Give back every line of the data exactly. Pictures are not part of the copy.

Provided material below:

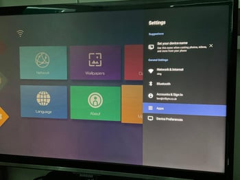 Using the device's remote control, navigate to the Settings menu and scroll down to Apps.
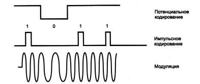 Потенциальное или импульсное кодирование применяется на каналах высокого качества, а модуляция на основе синусоидальных сигналов предпочтительнее в том случае, когда канал вносит сильные искажения в передаваемые сигналы. Обычно модуляция используется в глобальных сетях при передаче данных через аналоговые телефонные каналы связи, которые были разработаны для передачи голоса в аналоговой форме и поэтому плохо подходят для непосредственной передачи импульсов.
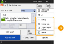 The number of setting items located on the Basic Features screen and the location to be displayed differ depending on functions. A shortcut button is not displayed if <Unassigned> is set as a shortcut. The limit to the number of shortcuts for <Options> you can register is as follows. Copy: 5 Fax: 4 Scan and Send: 2 |

End of Provided material.

▸ **Answer box**
 Using the device's remote control, navigate to the Settings menu and scroll down to Apps.
 Потенциальное или импульсное кодирование применяется на каналах высокого качества, а модуляция на основе синусоидальных сигналов предпочтительнее в том случае, когда канал вносит сильные искажения в передаваемые сигналы. Обычно модуляция используется в глобальных сетях при передаче данных через аналоговые телефонные каналы связи, которые были разработаны для передачи голоса в аналоговой форме и поэтому плохо подходят для непосредственной передачи импульсов.
 The number of setting items located on the Basic Features screen and the location to be displayed differ depending on functions. A shortcut button is not displayed if <Unassigned> is set as a shortcut. The limit to the number of shortcuts for <Options> you can register is as follows. Copy: 5 Fax: 4 Scan and Send: 2 |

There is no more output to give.